> [PROVIDED DATA]:
★ ★ ★ ★

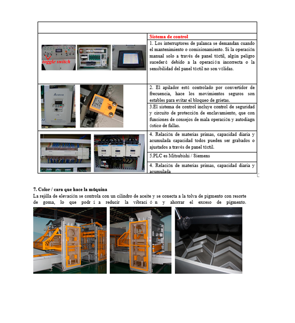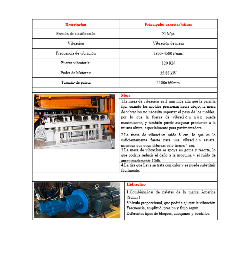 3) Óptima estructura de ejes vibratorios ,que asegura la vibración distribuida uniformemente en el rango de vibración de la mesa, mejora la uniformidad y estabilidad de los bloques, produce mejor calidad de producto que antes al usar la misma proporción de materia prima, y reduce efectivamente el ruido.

★ ★ ★ ★

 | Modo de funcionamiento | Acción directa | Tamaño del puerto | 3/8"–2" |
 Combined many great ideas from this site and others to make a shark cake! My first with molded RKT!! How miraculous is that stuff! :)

★ ★ ★ ★

> [INSTRUCTIONS TO FOLLOW]: Wherever the line holding "Modo de funcionamiento" falls in the entries above, copy exactly from it through the line holding "Combined many great", inclusive, and add nothing.

> [SOLUTION TO THE PROBLEM]:
 | Modo de funcionamiento | Acción directa | Tamaño del puerto | 3/8"–2" |
 Combined many great ideas from this site and others to make a shark cake! My first with molded RKT!! How miraculous is that stuff! :)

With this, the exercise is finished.